Donde hay dominio no hay amor y donde no hay amor, no hay Dios. Dios es amor y vive en el amor, en el ámbito del servicio desinteresado. El amor, que es servicio y nunca dominio, es su atmósfera, el medio divino. 

Los que quieren tener poder para mandar y gobernar a los otros, se incapacitan para el Reino, sirven a su vientre, a su vanagloria, no a Dios. Ni conocen, ni sirven ni aman al Padre de Jesús. Sirven a un dios pagano. 

Las relaciones de dominio, “ego”, deben ser cambiadas por las de servicio. Todos podemos ayudar a todos en su tarea de realización y santidad, “yo”.  Fuimos creados para servir y no ser servidos. Somos seres para los demás.

Para servir y ser útiles no necesitamos fuerza, poder, prestigio ni aplausos. Jesús, para darse, no tuvo nada de lo anterior, ni lo necesito ni le interesó. En la Iglesia sobran oropeles, baldaquinos, títulos y condecoraciones.

Hablemos claro, los que buscan poder quieren privilegios, leyes-privadas que den prebendas, que les proporcionen beneficios y lucros personales. Lo que les mueve es su ganancia, su propio bien y no el bien común. 

Los zebedeos de ayer, de hoy y de siempre no se conforman con el poder, quieren también ser y tener autoridad; se olvidan de que los términos poder y la autoridad son antagónicos, se autoexcluyen, si se da uno sobra el otro. Si tienes autoridad no necesitas la fuerza para que te obedezcan, no hace falta; pero si solo tienes poder, sí, o utilizas el “palo” o no te harán caso.  

La autoridad es un carisma que se otorga, se concede y se reconoce al que sirve y defiende al débil frente al egoísmo del fuerte. 

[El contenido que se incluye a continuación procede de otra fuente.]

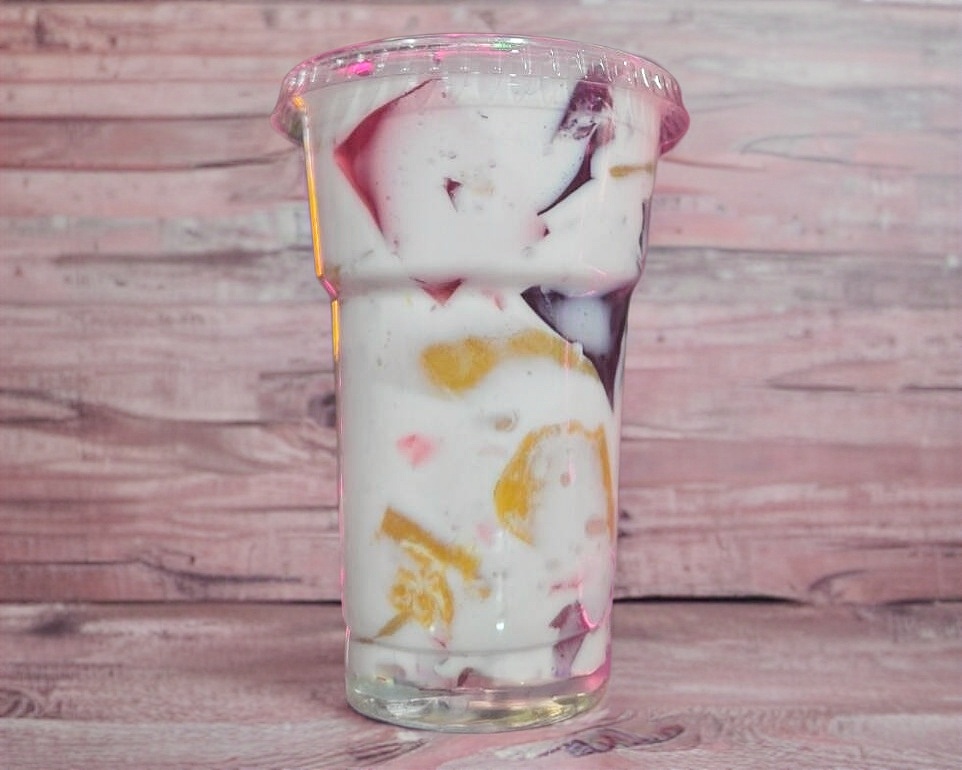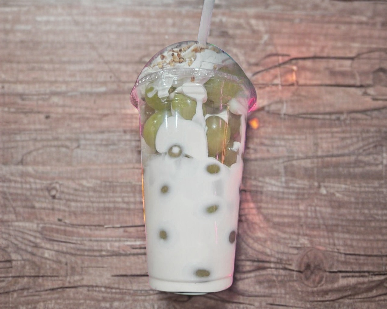 uvas con crema de la casa vaso de 14 onzas con chantilly lechera y dos toppings
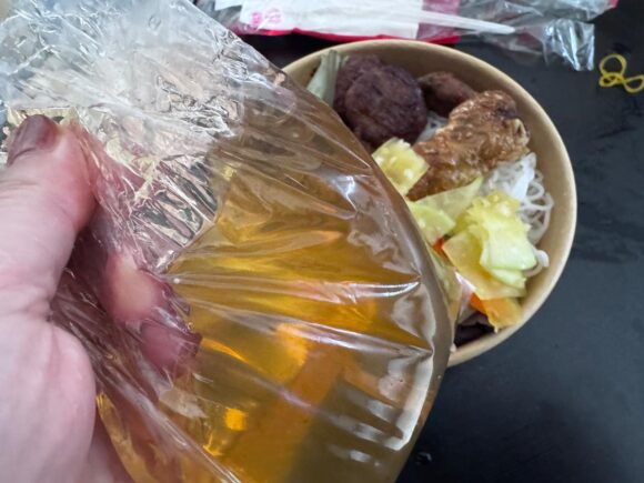 北では、小丼くらいの大きさの器にタプタプ、このあっさり目のタレが入ってるのですが、ホーチミンでは、本当に小さな小さなお椀に、この1/2 か、それ以下の量が入ってるだけです。
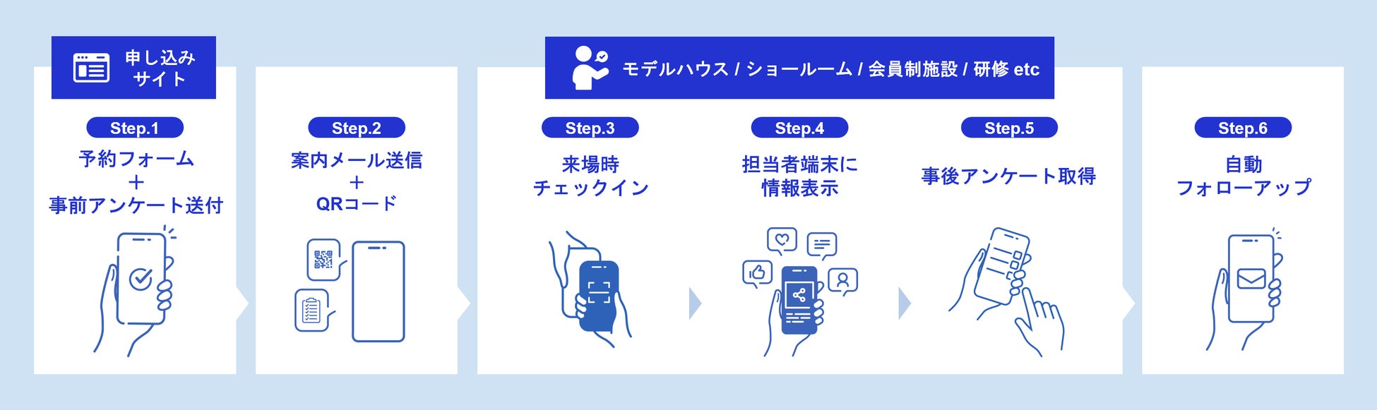 本サービスは、世界140カ国143,000社以上に導入されているカスタマープラットフォーム「HubSpot」と、デジタルエクスペリエンスが開発したQRコードチェックインツール「Visit Log」を連携させて提供します。この連携により、オンラインでの来訪予約から、専用QRコードの発行、自動でのメール・アンケート送付、そして現地でのQRコードによる受付チェックイン、来訪時の接客対応記録、事後アンケートまでを、一気通貫で実現します。
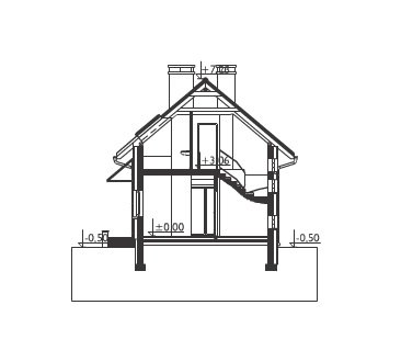 Longinus Sto wyróżnia się smukłą sylwetką, bo, aby umożliwić wygodne wykorzystanie poddasza, zaprojektowano stosunkowo wysokie ścianki kolankowe (1,2m). Na uwagę w tym projekcie zasługuje bardzo nowocześnie pomyślana przestrzeń życia rodzinnego na parterze. Na wąskim, niewielkim rzucie udało się rozmieścić ustawną strefę dzienną, która mając otwarty charakter zachowuje czytelny podział na hol, kuchnię i jadalnię z salonikiem. Mimo niewielkiej powierzchni Longinus Sto dysponuje także wygodną sienią z głęboką szafą ubraniową, dodatkowym pokojem z garderobą na parterze oraz pralnią.
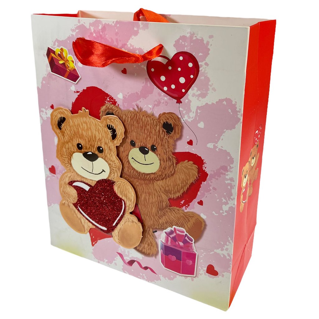 Taška je vyrobena z velmi pevného papíru, má vyztužené dno, ouška ze stuhy o šíři 2 centimetry. Dárková taška je s motivem medvídka se třpytkami.
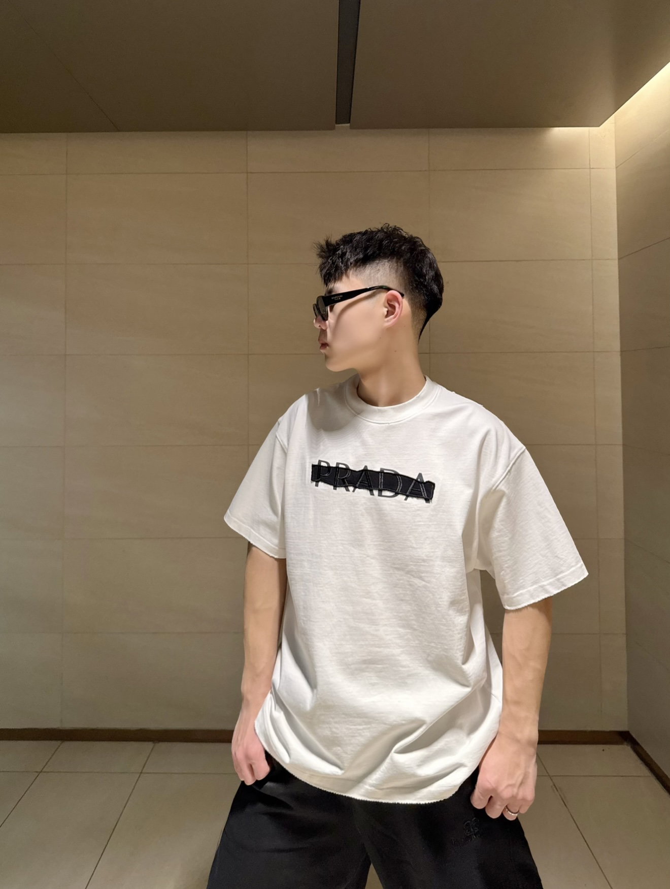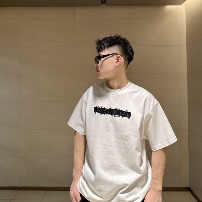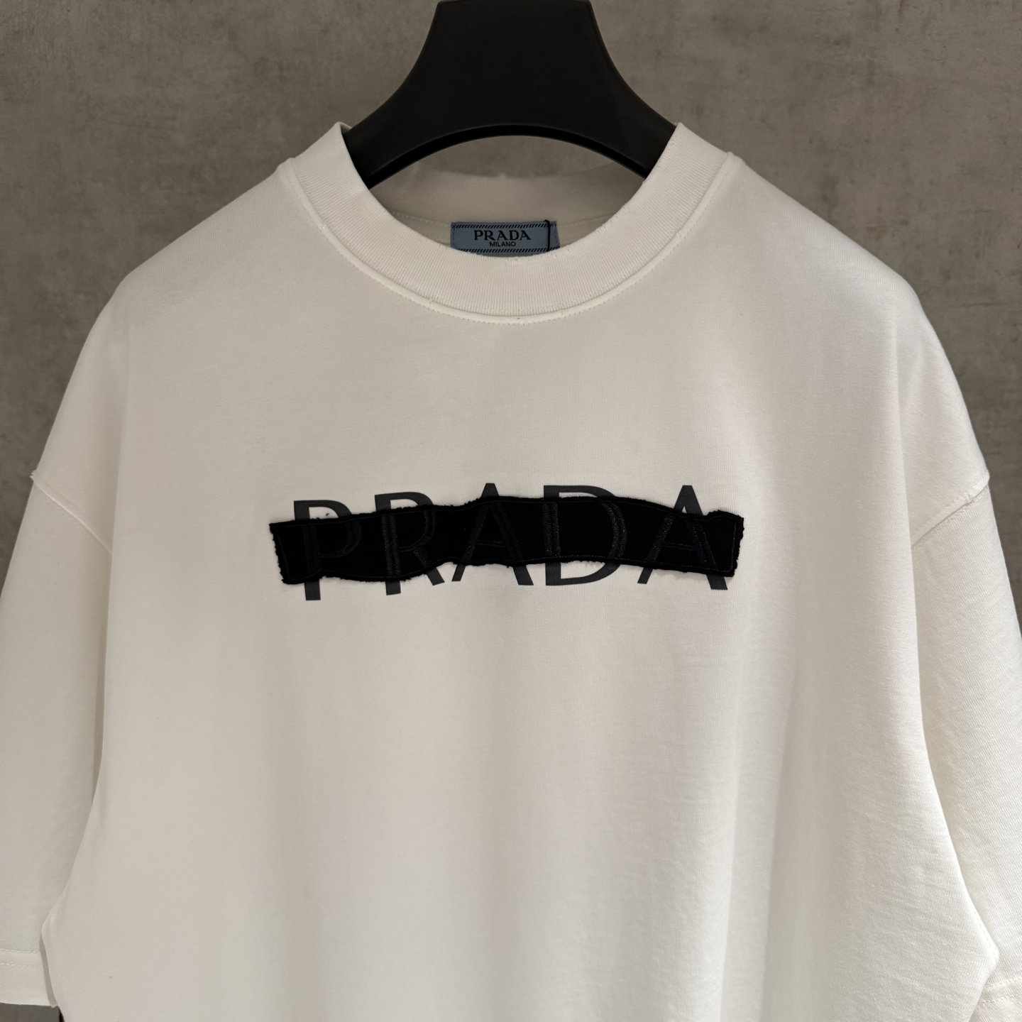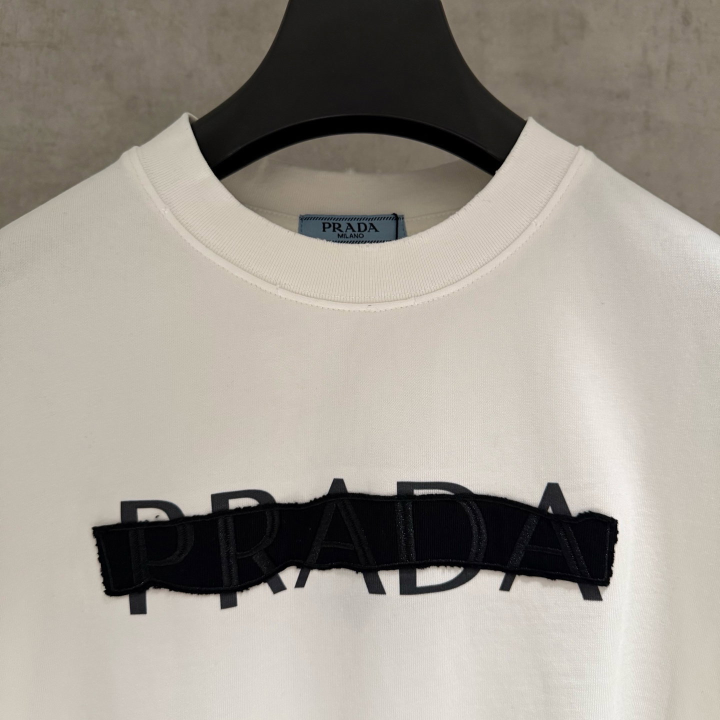 PRADA patch Embroidery Logo Round neck loose T-shirt White プラダ アップリケ 刺繍 logo クルーネック ゆったり Tシャツ ホワイト
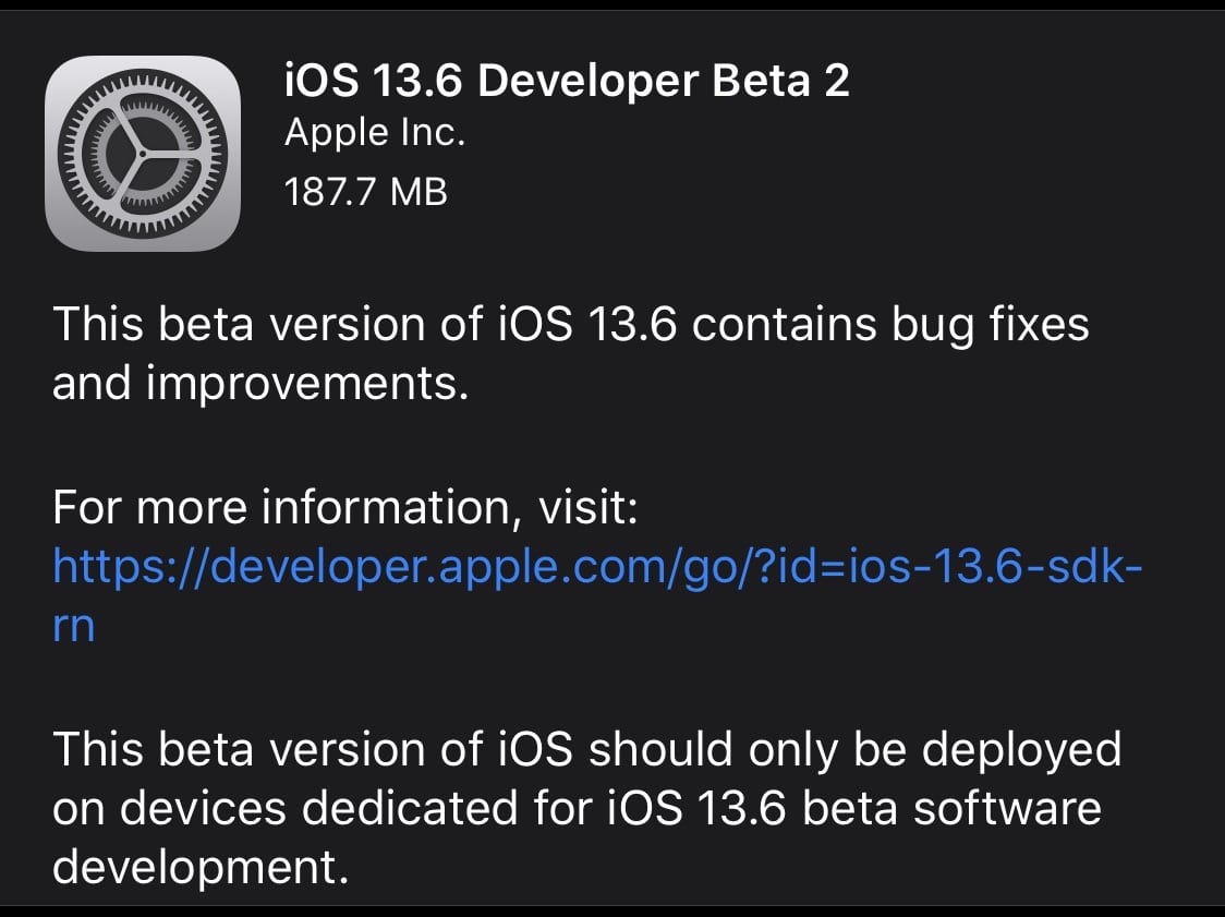 Apple released iOS 13.6 and iPadOS 13.6 Developer Previews Beta 2 today , which comes about a week after the previous update.
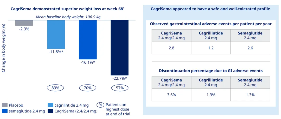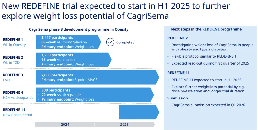 2024年12月,诺和诺德宣布了全球REDEFINE计划的3期试验 REDEFINE 1 的主要结果:安慰剂相比,CagriSema在第68周时的体重减轻具有统计学意义且更好,从而达到了其主要终点。
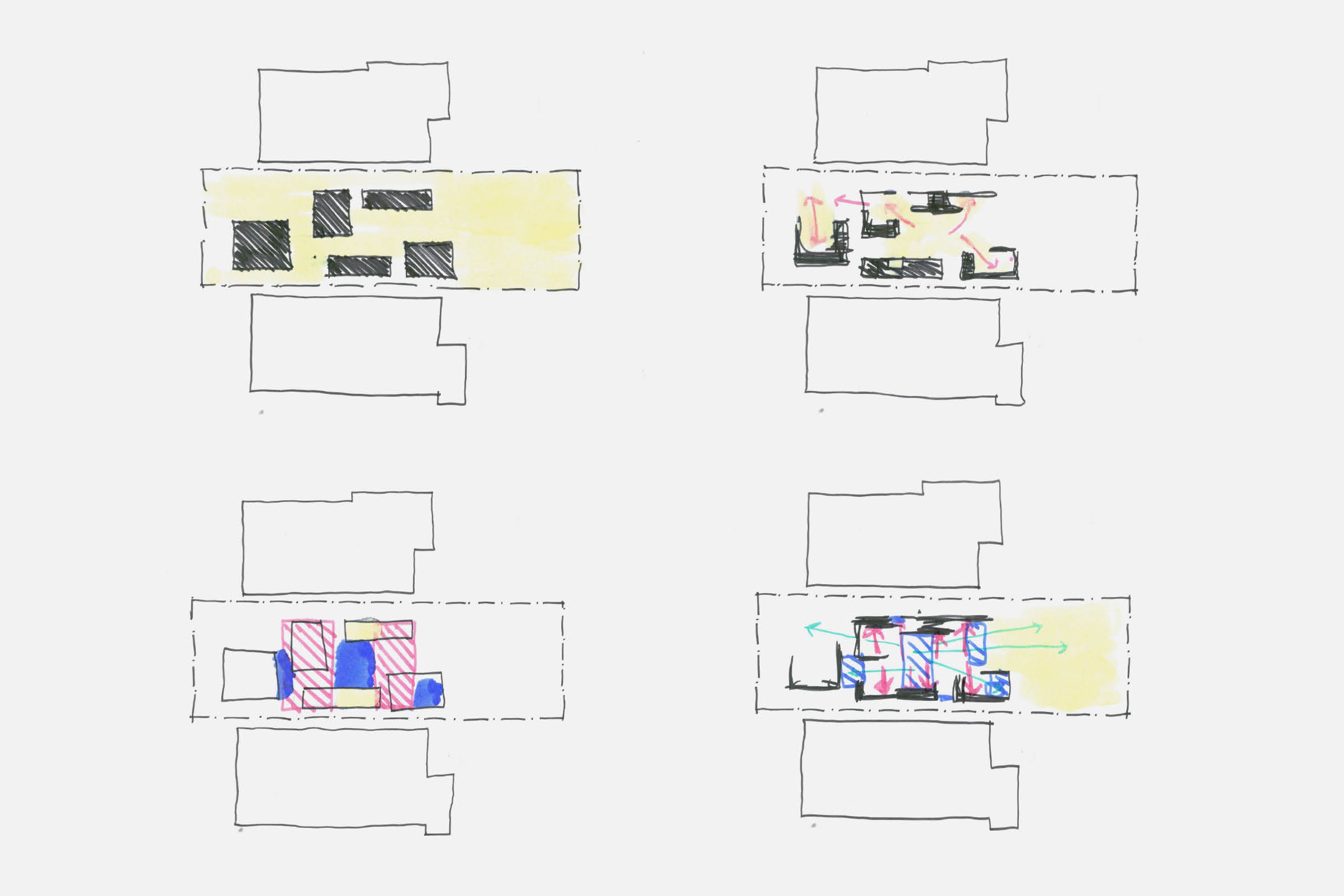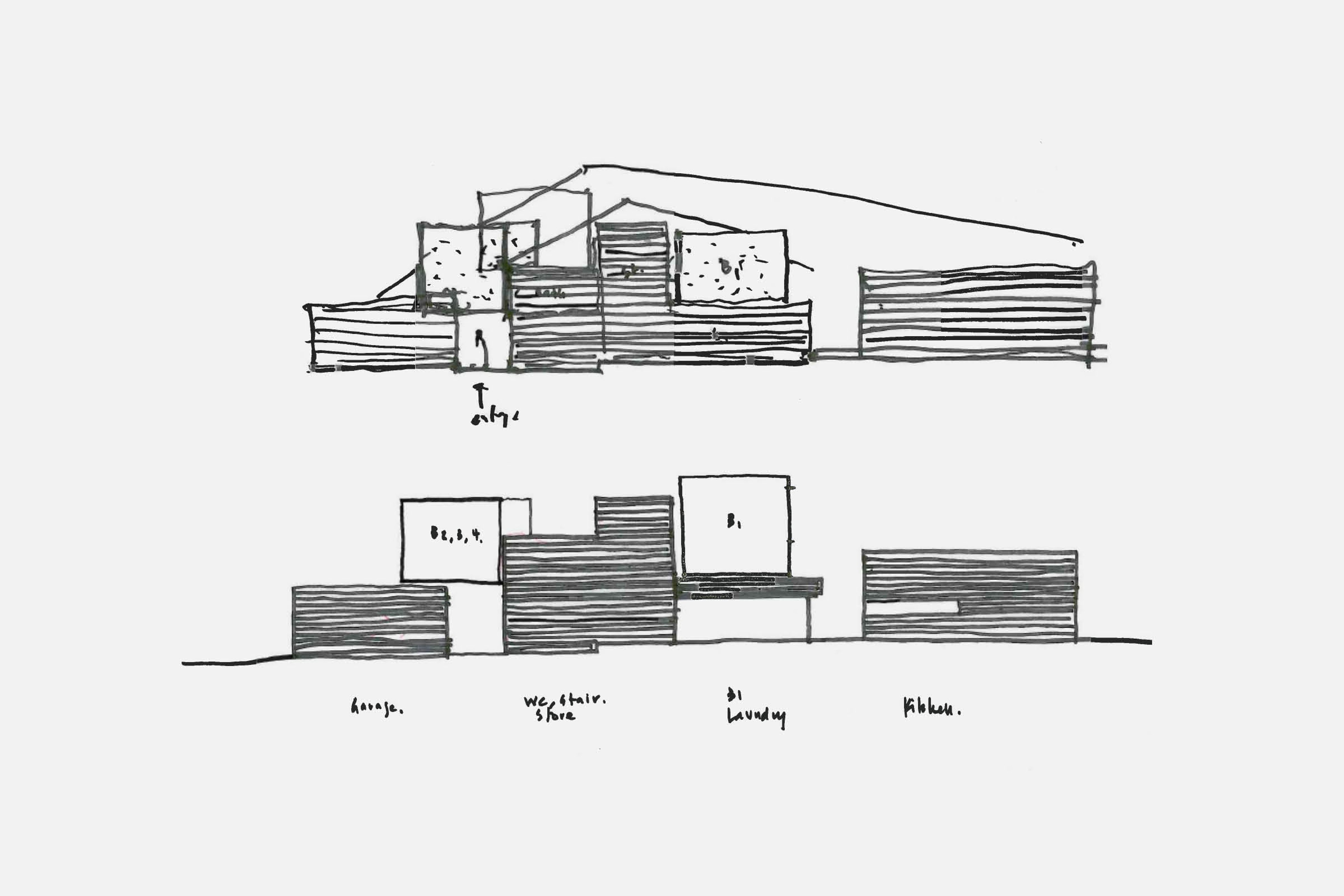 Our brief for this new two storey dwelling was for a family home of 5 bedrooms, a study and associated living rooms on a wide block in Bondi. The concept proposed a brick base with three ‘bridges’ spanning across the brickwork, creating an internal rhythm of bedroom volumes and double high skylight voids that define the interior.

Quienes dan culto a su “ego”, al creerse distintos y superiores a los demás dominan, mandan y quieren ser los que gobiernen; algunos lo disfrazan    de carisma,  de “yo” profundo, y bajo la capa del servicio, se creen inspirados y enviados por Dios. Nunca me fié de ellos, no lo hagáis, saldríais perdiendo. No creáis que el poder baja del cielo, no es un carisma.

Dios no crea a unos para que dominen a otros. Jesús nos advierte que no llamemos a nadie: “bueno, maestro o señor”. Solo tenemos a un  Señor, Maestro y Bueno, ese es nuestro Padre celestial.

A Jesús las gentes zebedeas, los del “ego”, le quitaron la soledad y no le dieron compañía, estaban con Él por interés personal, por medrar, por salir ganando; no aceptaban su mensaje, que es vivir el “yo” autentico y profundo, el que lleva a vivir a imagen y semejanza de Dios, a dar y a darte hasta que duela. 

Los zebedeos de ayer, de hoy y de siempre lo que buscan es el poder, aún sabiendo que ese poder desclasa y rompe con toda posible fraternidad.

Algunos se avergüenzan de lo que desean y quieren tener por cómplice a Dios, predican y quieren que nos creamos que “Deus lo vol”, así quedamos todos tranquilos y ellos a mandar.  

En este mundo, y en cualquiera de sus instituciones,  mayor “potestas”, menos “autoritas”. ¡Conviene no olvidarlo nunca! ¿Queréis saber quienes son o serán autoridad? Los que les sale muy caro servir, esos tienen autoridad; los que salen ganando son y serán poder.